▸ WHAT THE EXERCISE ASKS: Reproduce the records below word for word.

▸ PROVIDED RECORDS:
━━━━━━━━

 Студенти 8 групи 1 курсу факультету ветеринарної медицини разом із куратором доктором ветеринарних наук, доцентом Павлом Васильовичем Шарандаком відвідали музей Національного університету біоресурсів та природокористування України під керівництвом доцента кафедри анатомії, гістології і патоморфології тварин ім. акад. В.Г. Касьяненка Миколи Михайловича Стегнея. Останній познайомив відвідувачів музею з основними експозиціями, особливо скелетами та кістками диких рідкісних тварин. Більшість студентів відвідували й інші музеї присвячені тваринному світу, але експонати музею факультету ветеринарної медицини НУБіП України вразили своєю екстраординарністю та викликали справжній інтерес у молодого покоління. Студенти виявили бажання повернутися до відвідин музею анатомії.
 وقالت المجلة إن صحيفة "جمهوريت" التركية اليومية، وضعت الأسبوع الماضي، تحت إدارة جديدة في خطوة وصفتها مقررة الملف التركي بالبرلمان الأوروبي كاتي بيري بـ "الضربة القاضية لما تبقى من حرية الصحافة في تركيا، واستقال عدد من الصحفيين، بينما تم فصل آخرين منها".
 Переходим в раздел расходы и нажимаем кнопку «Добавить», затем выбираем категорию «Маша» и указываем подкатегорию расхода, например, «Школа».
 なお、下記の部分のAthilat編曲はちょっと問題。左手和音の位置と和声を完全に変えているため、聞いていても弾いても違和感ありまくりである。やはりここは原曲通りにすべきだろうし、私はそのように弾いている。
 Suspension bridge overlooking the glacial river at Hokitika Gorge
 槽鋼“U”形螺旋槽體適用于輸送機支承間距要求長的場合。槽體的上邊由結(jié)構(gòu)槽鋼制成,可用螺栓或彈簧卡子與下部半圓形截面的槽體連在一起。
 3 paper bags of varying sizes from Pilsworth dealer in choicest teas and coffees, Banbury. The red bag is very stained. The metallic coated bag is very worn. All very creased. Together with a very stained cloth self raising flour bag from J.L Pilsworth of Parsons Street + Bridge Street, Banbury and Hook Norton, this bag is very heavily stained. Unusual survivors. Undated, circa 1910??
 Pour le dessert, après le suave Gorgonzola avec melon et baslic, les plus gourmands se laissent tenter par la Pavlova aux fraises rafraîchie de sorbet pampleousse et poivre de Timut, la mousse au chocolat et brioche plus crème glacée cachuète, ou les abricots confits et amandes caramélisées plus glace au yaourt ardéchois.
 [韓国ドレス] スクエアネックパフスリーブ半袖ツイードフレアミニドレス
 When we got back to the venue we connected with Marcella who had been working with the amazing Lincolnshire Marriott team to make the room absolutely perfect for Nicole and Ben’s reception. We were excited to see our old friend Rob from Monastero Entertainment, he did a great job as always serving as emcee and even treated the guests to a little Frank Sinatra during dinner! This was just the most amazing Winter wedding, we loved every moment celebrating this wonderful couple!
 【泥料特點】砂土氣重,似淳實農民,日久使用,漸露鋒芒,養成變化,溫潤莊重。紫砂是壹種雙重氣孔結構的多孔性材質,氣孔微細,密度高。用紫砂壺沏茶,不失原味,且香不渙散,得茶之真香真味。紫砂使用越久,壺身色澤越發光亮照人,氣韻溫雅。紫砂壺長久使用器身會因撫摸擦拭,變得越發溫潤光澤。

━━━━━━━━

▸ WRITTEN ANSWER:
 Студенти 8 групи 1 курсу факультету ветеринарної медицини разом із куратором доктором ветеринарних наук, доцентом Павлом Васильовичем Шарандаком відвідали музей Національного університету біоресурсів та природокористування України під керівництвом доцента кафедри анатомії, гістології і патоморфології тварин ім. акад. В.Г. Касьяненка Миколи Михайловича Стегнея. Останній познайомив відвідувачів музею з основними експозиціями, особливо скелетами та кістками диких рідкісних тварин. Більшість студентів відвідували й інші музеї присвячені тваринному світу, але експонати музею факультету ветеринарної медицини НУБіП України вразили своєю екстраординарністю та викликали справжній інтерес у молодого покоління. Студенти виявили бажання повернутися до відвідин музею анатомії.
 وقالت المجلة إن صحيفة "جمهوريت" التركية اليومية، وضعت الأسبوع الماضي، تحت إدارة جديدة في خطوة وصفتها مقررة الملف التركي بالبرلمان الأوروبي كاتي بيري بـ "الضربة القاضية لما تبقى من حرية الصحافة في تركيا، واستقال عدد من الصحفيين، بينما تم فصل آخرين منها".
 Переходим в раздел расходы и нажимаем кнопку «Добавить», затем выбираем категорию «Маша» и указываем подкатегорию расхода, например, «Школа».
 なお、下記の部分のAthilat編曲はちょっと問題。左手和音の位置と和声を完全に変えているため、聞いていても弾いても違和感ありまくりである。やはりここは原曲通りにすべきだろうし、私はそのように弾いている。
 Suspension bridge overlooking the glacial river at Hokitika Gorge
 槽鋼“U”形螺旋槽體適用于輸送機支承間距要求長的場合。槽體的上邊由結(jié)構(gòu)槽鋼制成,可用螺栓或彈簧卡子與下部半圓形截面的槽體連在一起。
 3 paper bags of varying sizes from Pilsworth dealer in choicest teas and coffees, Banbury. The red bag is very stained. The metallic coated bag is very worn. All very creased. Together with a very stained cloth self raising flour bag from J.L Pilsworth of Parsons Street + Bridge Street, Banbury and Hook Norton, this bag is very heavily stained. Unusual survivors. Undated, circa 1910??
 Pour le dessert, après le suave Gorgonzola avec melon et baslic, les plus gourmands se laissent tenter par la Pavlova aux fraises rafraîchie de sorbet pampleousse et poivre de Timut, la mousse au chocolat et brioche plus crème glacée cachuète, ou les abricots confits et amandes caramélisées plus glace au yaourt ardéchois.
 [韓国ドレス] スクエアネックパフスリーブ半袖ツイードフレアミニドレス
 When we got back to the venue we connected with Marcella who had been working with the amazing Lincolnshire Marriott team to make the room absolutely perfect for Nicole and Ben’s reception. We were excited to see our old friend Rob from Monastero Entertainment, he did a great job as always serving as emcee and even treated the guests to a little Frank Sinatra during dinner! This was just the most amazing Winter wedding, we loved every moment celebrating this wonderful couple!
 【泥料特點】砂土氣重,似淳實農民,日久使用,漸露鋒芒,養成變化,溫潤莊重。紫砂是壹種雙重氣孔結構的多孔性材質,氣孔微細,密度高。用紫砂壺沏茶,不失原味,且香不渙散,得茶之真香真味。紫砂使用越久,壺身色澤越發光亮照人,氣韻溫雅。紫砂壺長久使用器身會因撫摸擦拭,變得越發溫潤光澤。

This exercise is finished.